One sign of this reduced disease pressure is the unusual distribution of HLA alleles among Amerindians. The HLA system (for human leukocyte antigen) is a group of genes that encode proteins expressed on the outer surfaces of cells. The immune system uses them to distinguish self from nonself, so they play an important part in rejection of transplanted organs. But their most important role is in infectious disease. There they present protein fragments from pathogenic organisms such as bacteria to immune system cells that then attack the pathogen. In addition, when a virus infects a cell, HLA molecules display viral proteins on the outside of the cell, so that those infected cells can be destroyed by the immune system.
HLA genes are among the most variable of all genes. There are ten or more major variants of each HLA gene, and most have more than 100 variants. Because these genes are so variable, any two humans (other than identical twins) are almost certain to have a different set of them. Because the alleles are codominant, having different HLA alleles expands the range of pathogens that our immune systems can deal with. Natural selection therefore favors diversification of the HLA genes, and some alleles, though rare, have been preserved for a long time. In fact, some are 30 million years old, considerably older than Homo sapiens. That is to say, there are HLA alleles in humans that are more similar to an allele in an orangutan than to other human alleles at that locus. Selection favoring HLA diversity— a selective pressure stemming from infectious disease—has existed more or less continuously for tens of millions of years. This is why even small populations in the Old World retain high HLA diversity.

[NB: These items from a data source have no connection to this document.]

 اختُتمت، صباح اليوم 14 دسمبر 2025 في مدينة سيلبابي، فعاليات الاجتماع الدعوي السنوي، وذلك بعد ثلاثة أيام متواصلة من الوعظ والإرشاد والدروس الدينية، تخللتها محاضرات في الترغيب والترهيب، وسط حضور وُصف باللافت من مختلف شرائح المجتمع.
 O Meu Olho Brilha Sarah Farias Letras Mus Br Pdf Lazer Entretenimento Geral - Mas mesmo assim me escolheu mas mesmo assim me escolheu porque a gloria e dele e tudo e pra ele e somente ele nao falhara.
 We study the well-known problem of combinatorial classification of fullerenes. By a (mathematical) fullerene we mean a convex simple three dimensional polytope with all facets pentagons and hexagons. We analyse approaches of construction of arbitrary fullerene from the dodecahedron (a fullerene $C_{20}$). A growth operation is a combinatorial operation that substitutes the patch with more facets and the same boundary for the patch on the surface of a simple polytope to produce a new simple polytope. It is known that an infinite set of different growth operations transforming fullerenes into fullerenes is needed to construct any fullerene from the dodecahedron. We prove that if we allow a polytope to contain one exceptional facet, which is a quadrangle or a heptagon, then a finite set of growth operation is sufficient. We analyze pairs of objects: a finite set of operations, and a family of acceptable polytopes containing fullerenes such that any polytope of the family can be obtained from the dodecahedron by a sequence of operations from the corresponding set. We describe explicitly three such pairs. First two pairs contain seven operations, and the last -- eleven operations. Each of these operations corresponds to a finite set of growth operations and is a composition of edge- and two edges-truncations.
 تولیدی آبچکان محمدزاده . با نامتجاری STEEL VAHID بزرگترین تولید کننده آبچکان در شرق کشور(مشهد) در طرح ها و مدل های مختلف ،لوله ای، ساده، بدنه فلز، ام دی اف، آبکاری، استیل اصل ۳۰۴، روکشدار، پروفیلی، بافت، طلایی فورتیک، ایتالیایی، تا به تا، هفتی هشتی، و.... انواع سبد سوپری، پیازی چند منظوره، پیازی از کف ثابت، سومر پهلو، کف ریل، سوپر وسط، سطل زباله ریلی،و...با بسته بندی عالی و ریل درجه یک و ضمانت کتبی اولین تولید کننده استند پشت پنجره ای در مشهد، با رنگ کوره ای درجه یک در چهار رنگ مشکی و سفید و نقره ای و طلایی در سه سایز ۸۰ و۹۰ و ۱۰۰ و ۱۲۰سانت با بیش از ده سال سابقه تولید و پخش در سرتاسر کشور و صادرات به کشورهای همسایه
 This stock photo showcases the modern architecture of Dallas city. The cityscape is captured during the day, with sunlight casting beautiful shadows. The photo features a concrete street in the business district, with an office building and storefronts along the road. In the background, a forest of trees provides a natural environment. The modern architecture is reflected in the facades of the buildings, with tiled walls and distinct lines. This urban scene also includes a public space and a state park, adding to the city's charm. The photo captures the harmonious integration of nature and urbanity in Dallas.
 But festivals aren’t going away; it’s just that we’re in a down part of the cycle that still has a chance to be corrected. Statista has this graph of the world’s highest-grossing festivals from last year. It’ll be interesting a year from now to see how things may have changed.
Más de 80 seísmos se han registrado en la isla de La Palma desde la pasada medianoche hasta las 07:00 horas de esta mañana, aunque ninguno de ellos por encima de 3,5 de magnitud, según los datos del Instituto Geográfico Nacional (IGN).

But Amerindians didn't have that diversity. Many tribes have a single HLA allele with a frequency of over 50 percent.2
Different tribes have different predominant alleles: It seems as if the frequencies of HLA alleles have drifted randomly in the New World, which hasn't happened since the Miocene in the Old World. A careful analysis of global HLA diversity confirms continuing diversifying selection on HLA in most human populations but finds no evidence of any selection at all favoring diversity in
HLA among Amerindians.3
And if infectious disease was so unimportant among Amerindians, selection most likely favored weaker immune systems, because people with weaker immune systems would be better able to avoid autoimmune disorders, in which the immune system misfires and attacks some organ or tissue. Type 1 diabetes, in which the immune system attacks the pancreatic cells that make insulin, and multiple sclerosis, where it attacks the myelin sheaths of the central nervous system, are well- known examples—both are rare among Amerindians. A less vigorous immune system would have been an advantage under those conditions.
So, there is every reason to think that the inhabitants of the Americas were not just behind the immunological times: While the Old Worlders were experiencing intense selection for increased resistance to infectious disease, the Amerindians were actually becoming more vulnerable. They were adapted to the existing circumstances, but not to the coming collision with the Old World.

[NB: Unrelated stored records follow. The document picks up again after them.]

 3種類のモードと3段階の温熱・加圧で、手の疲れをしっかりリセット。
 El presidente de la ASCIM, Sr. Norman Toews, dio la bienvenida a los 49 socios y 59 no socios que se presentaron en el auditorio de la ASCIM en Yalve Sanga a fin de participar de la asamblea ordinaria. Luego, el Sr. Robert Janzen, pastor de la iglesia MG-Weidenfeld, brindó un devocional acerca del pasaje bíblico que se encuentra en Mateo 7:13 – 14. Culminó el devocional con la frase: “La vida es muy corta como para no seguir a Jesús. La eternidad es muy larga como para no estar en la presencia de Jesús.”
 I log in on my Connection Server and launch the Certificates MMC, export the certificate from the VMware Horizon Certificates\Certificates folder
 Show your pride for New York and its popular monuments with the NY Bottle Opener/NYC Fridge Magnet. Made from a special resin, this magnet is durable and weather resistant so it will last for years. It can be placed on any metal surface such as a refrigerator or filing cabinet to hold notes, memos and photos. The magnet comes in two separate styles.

These long-term differences in selection pressures had dramatic consequences when Columbus brought the Old and New Worlds into regular contact. Eurasian infectious diseases such as smallpox, measles, diphtheria, whooping cough, leprosy, and bubonic plague were introduced to the Americas in short order. In tropical and subtropical areas, they were eventually joinedby yellow fever, dengue fever, falciparum malaria, lymphatic fi- lariasis, schistosomiasis, and onchocerciasis (river blindness), most of which came from Africa. Relatively few pathogens, however, traveled in the other direction, from the Americas to the Old World. Syphilis4 and tungiasis (a flea that burrows into the skin) are the only human pathogens we are aware of that originated in the New World and have spread to the Old, although there may be others we haven't yet recognized—for example, some epidemiologists suspect that rheumatoid arthritis is caused by a cryptic New World pathogen.